EXERCISE AIM:
The whole listing that follows is to be restated word for word, images excluded.
──────────────────────────────
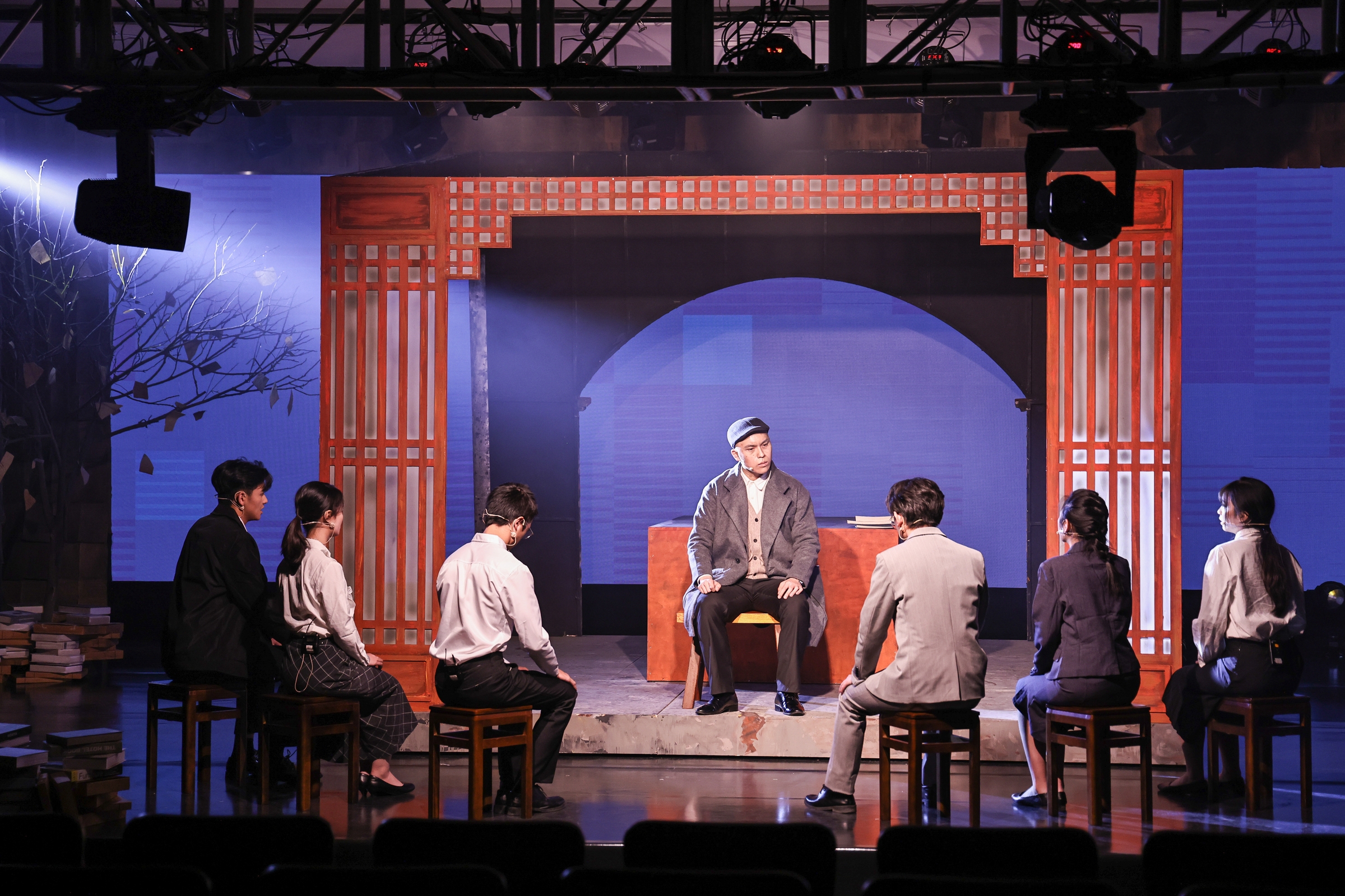 大师剧《汪尧田》由上海对外经贸大学出品,校党委宣传部、校团委和国际经贸学院主办;由上海戏剧学院著名编剧陆军教授担任艺术指导,李世涛副教授担任编剧,90”后新生代导演赵以执导,戏剧教育培训师王优雅担任制作人,主要演员由我校学生担任。自去年启动大师剧项目以来,创作团队潜心创作剧本,不仅查阅了大量汪尧田教授相关资料,采访了汪尧田教授家属、同事、学生、好友等20余人,还通过各种渠道搜集了音频视频等史料。在历经十余稿的修改后,大师剧《汪尧田》剧本终于定稿。在大师剧排演过程中,我校参演学生放弃暑假、中秋、国庆和双休日休息时间,克服疫情影响,认真研磨台词、体悟大师精神,努力提高形体动作和神态表情等演出技巧,在一遍又一遍的反复排练中,不断完善每个动作、每句台词,精益求精,力求最好。同时,在排演过程中,学生们也真切感受到了汪尧田教授坚定、睿智、执着、敦厚、温润的人格魅力,并把传承弘扬好大师精神的决心切实转化为演好大师剧的强大动力。
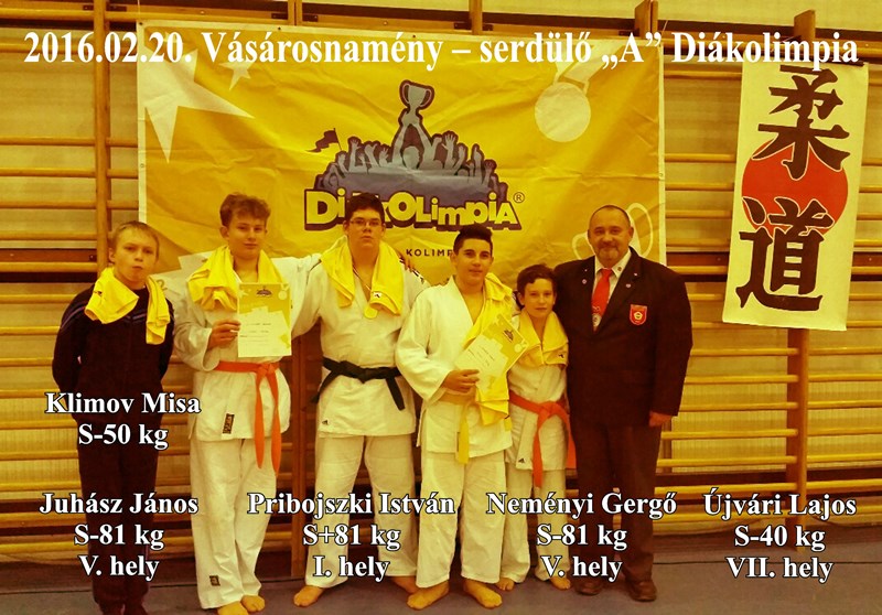 2016. február 20-án került megrendezésre Vásárosnaményban a Serdülő „A” Diákolimpia, ahol judokáink az alábbi eredményeket érték el:
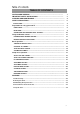 Table of contents TABLE OF CONTENTS CAUTION AND WARNING………………………………………………….………….. 1 IMPORTANT SAFETY INSTRUCTIONS………………..………………..………..….. 3 CLEANING AND MAINTENANCE………………………………………….……………. 4 SAFETY PRECAUTIONS..…………………………………………………….………….. 6 INSTALLATION……………………………………………………………….….……….... 7 Preparation for using your new TV ……………………………………….…………... 8 FRONT PANEL………………………………………………………….……….………… 8 REAR PANEL…………………………………………………………………….....……... 9 CONNECTIONS AND EXTERNAL INPUT SETTINGS…………………………..….
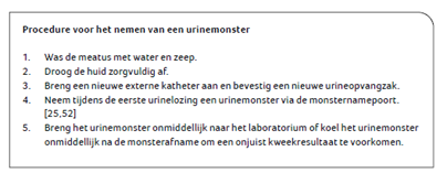 Bij hun onderzoeken vonden Nicolle (1988) en Ouslander (1987) ten aanzien van de aanwezigheid van bacteriurie geen verschil tussen urine die was afgenomen via een schone externe katheter voor mannen en urine die was afgenomen via intermitterende katheterisatie met een steriele katheter.
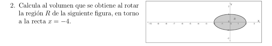 Luego, puedes plantear el volumen pedido como la resta entre el volumen generado al rotar la mitad derecha menos el volumen generado al rotar la mitad izquierda de la elipse, alrededor de la recta de ecuación x = - 4 (revisa tus apuntes de clase para ver las expresiones de los volúmenes de revolución alrededor de ejes paralelos al eje de ordenadas OY):
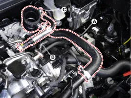 Schelle (A) des Lufteinlassschlauchs lösen.
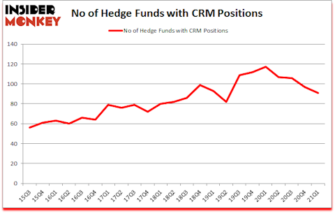 Is salesforce.com, inc. (NYSE:CRM) a cheap stock to buy now? The best stock pickers were becoming less hopeful. The number of long hedge fund bets were trimmed by 6 in recent months. salesforce.com, inc. (NYSE:CRM) was in 91 hedge funds’ portfolios at the end of the first quarter of 2021. The all time high for this statistic is 117. Our calculations also showed that CRM ranked 28th among the 30 most popular stocks among hedge funds (click for Q1 rankings). There were 97 hedge funds in our database with CRM positions at the end of the fourth quarter.
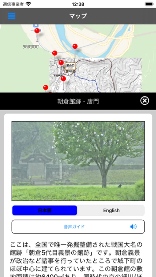当アプリでは、あなたの現在地を取得し、現代地図や古絵図を見ながら一乗谷を探索できます。主要ポイントでは詳細情報を表示したり、音声によるガイダンスを聞くことができます。一乗谷を歩きながら、戦国時代を生きた武将や、市井の人達の生活に思いを馳せ、歴史に浸ってみませんか?
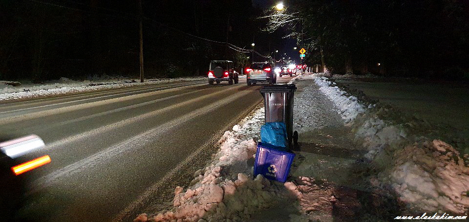 눈이 많이 왔다고 쓰레기차도 오지 않았나 봅니다.
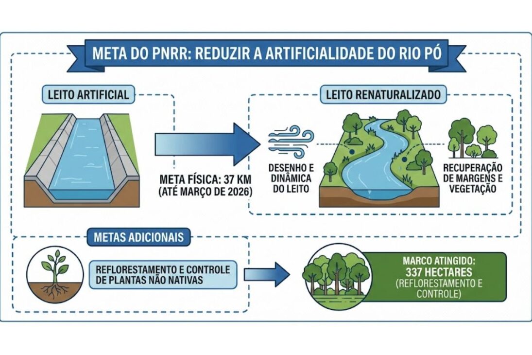 La meta establecida por la inversión es explícita: “reducción de la artificialidad del lecho del río Pó” en 37 km hasta marzo de 2026.
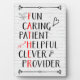 Father's Day sign for dad with descriptive words, including fun, caring, patient, helpful, clever, provider, with certain letters which spell out "FATHER" Card has distressed white brick background and rabbit, heart, arrow and light bulb doodles.
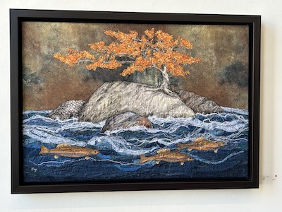 In May, I wrote about a textile art exhibit entitled “Woven Woods,” which my partner and I saw in Almonte. I was so moved by Lorraine Roy’s work that I knew I had to see more and wrote to tell her so. This is how, in late July, we found ourselves heading first to Elora and then to Dundas to see two other of her exhibits – an excursion we were able to combine with time with our youngest grandsons (and their father, of course, but we all know it’s really about the grandchildren) who live in Hamilton.
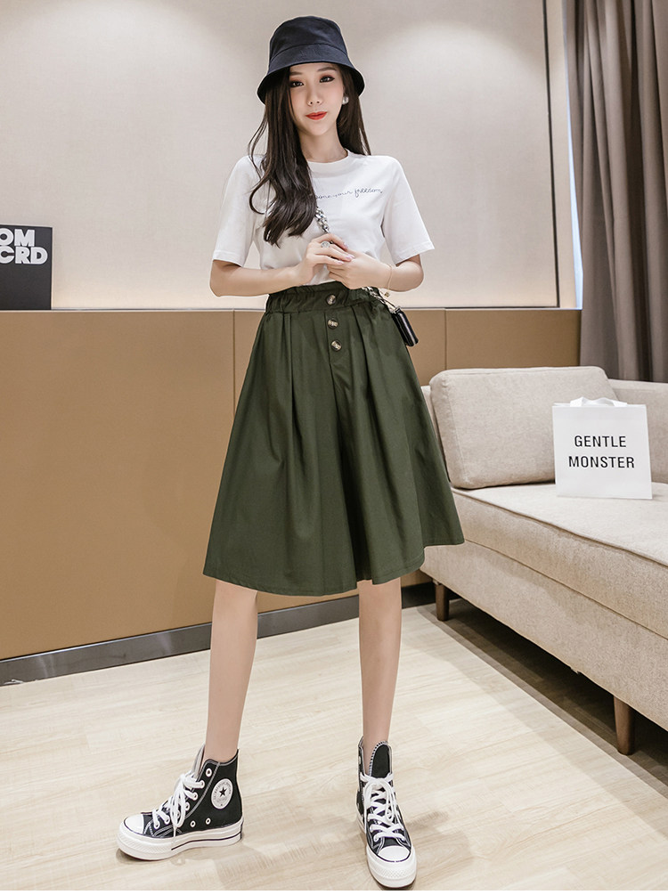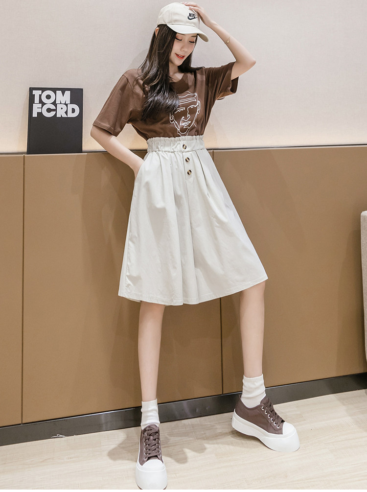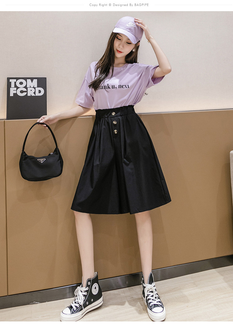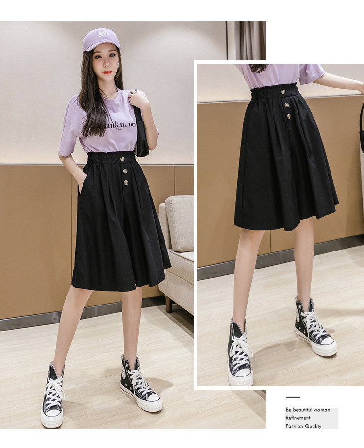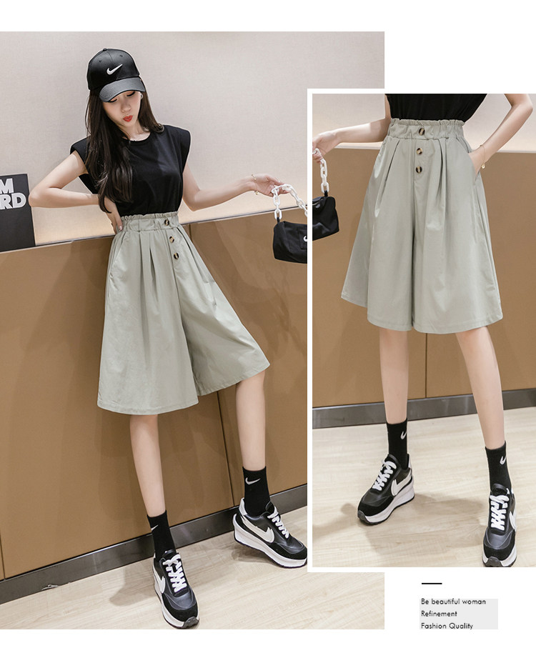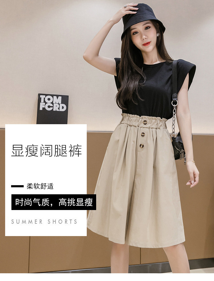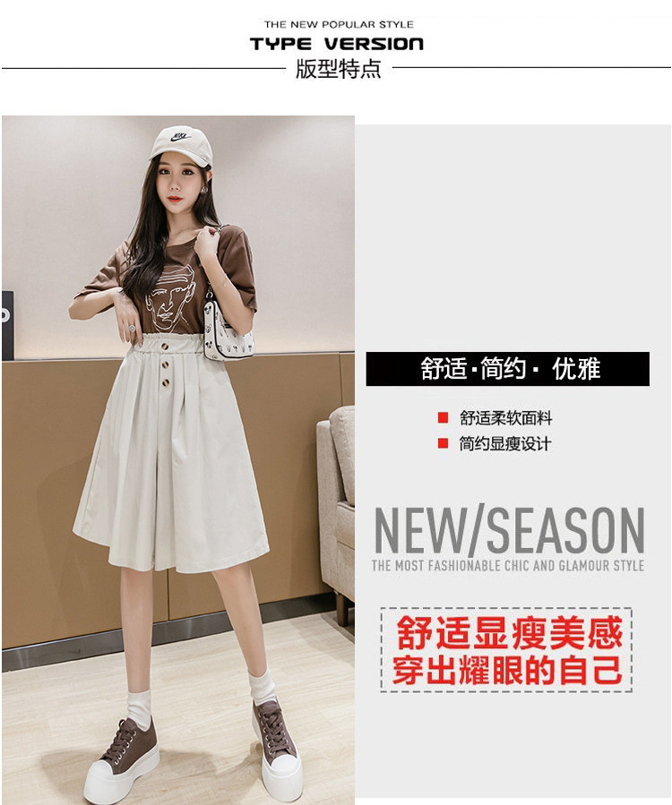 2021春夏季新款阔腿裤休闲裤女韩版高腰显瘦时尚中裤五分裤
──────────────────────────────
ANSWER AREA:
 大师剧《汪尧田》由上海对外经贸大学出品,校党委宣传部、校团委和国际经贸学院主办;由上海戏剧学院著名编剧陆军教授担任艺术指导,李世涛副教授担任编剧,90”后新生代导演赵以执导,戏剧教育培训师王优雅担任制作人,主要演员由我校学生担任。自去年启动大师剧项目以来,创作团队潜心创作剧本,不仅查阅了大量汪尧田教授相关资料,采访了汪尧田教授家属、同事、学生、好友等20余人,还通过各种渠道搜集了音频视频等史料。在历经十余稿的修改后,大师剧《汪尧田》剧本终于定稿。在大师剧排演过程中,我校参演学生放弃暑假、中秋、国庆和双休日休息时间,克服疫情影响,认真研磨台词、体悟大师精神,努力提高形体动作和神态表情等演出技巧,在一遍又一遍的反复排练中,不断完善每个动作、每句台词,精益求精,力求最好。同时,在排演过程中,学生们也真切感受到了汪尧田教授坚定、睿智、执着、敦厚、温润的人格魅力,并把传承弘扬好大师精神的决心切实转化为演好大师剧的强大动力。
 2016. február 20-án került megrendezésre Vásárosnaményban a Serdülő „A” Diákolimpia, ahol judokáink az alábbi eredményeket érték el:
 Table of contents TABLE OF CONTENTS CAUTION AND WARNING………………………………………………….………….. 1 IMPORTANT SAFETY INSTRUCTIONS………………..………………..………..….. 3 CLEANING AND MAINTENANCE………………………………………….……………. 4 SAFETY PRECAUTIONS..…………………………………………………….………….. 6 INSTALLATION……………………………………………………………….….……….... 7 Preparation for using your new TV ……………………………………….…………... 8 FRONT PANEL………………………………………………………….……….………… 8 REAR PANEL…………………………………………………………………….....……... 9 CONNECTIONS AND EXTERNAL INPUT SETTINGS…………………………..….
 Bij hun onderzoeken vonden Nicolle (1988) en Ouslander (1987) ten aanzien van de aanwezigheid van bacteriurie geen verschil tussen urine die was afgenomen via een schone externe katheter voor mannen en urine die was afgenomen via intermitterende katheterisatie met een steriele katheter.
 Luego, puedes plantear el volumen pedido como la resta entre el volumen generado al rotar la mitad derecha menos el volumen generado al rotar la mitad izquierda de la elipse, alrededor de la recta de ecuación x = - 4 (revisa tus apuntes de clase para ver las expresiones de los volúmenes de revolución alrededor de ejes paralelos al eje de ordenadas OY):
 Schelle (A) des Lufteinlassschlauchs lösen.
 Is salesforce.com, inc. (NYSE:CRM) a cheap stock to buy now? The best stock pickers were becoming less hopeful. The number of long hedge fund bets were trimmed by 6 in recent months. salesforce.com, inc. (NYSE:CRM) was in 91 hedge funds’ portfolios at the end of the first quarter of 2021. The all time high for this statistic is 117. Our calculations also showed that CRM ranked 28th among the 30 most popular stocks among hedge funds (click for Q1 rankings). There were 97 hedge funds in our database with CRM positions at the end of the fourth quarter.
当アプリでは、あなたの現在地を取得し、現代地図や古絵図を見ながら一乗谷を探索できます。主要ポイントでは詳細情報を表示したり、音声によるガイダンスを聞くことができます。一乗谷を歩きながら、戦国時代を生きた武将や、市井の人達の生活に思いを馳せ、歴史に浸ってみませんか?
 눈이 많이 왔다고 쓰레기차도 오지 않았나 봅니다.
 La meta establecida por la inversión es explícita: “reducción de la artificialidad del lecho del río Pó” en 37 km hasta marzo de 2026.
 Father's Day sign for dad with descriptive words, including fun, caring, patient, helpful, clever, provider, with certain letters which spell out "FATHER" Card has distressed white brick background and rabbit, heart, arrow and light bulb doodles.
 In May, I wrote about a textile art exhibit entitled “Woven Woods,” which my partner and I saw in Almonte. I was so moved by Lorraine Roy’s work that I knew I had to see more and wrote to tell her so. This is how, in late July, we found ourselves heading first to Elora and then to Dundas to see two other of her exhibits – an excursion we were able to combine with time with our youngest grandsons (and their father, of course, but we all know it’s really about the grandchildren) who live in Hamilton.
 2021春夏季新款阔腿裤休闲裤女韩版高腰显瘦时尚中裤五分裤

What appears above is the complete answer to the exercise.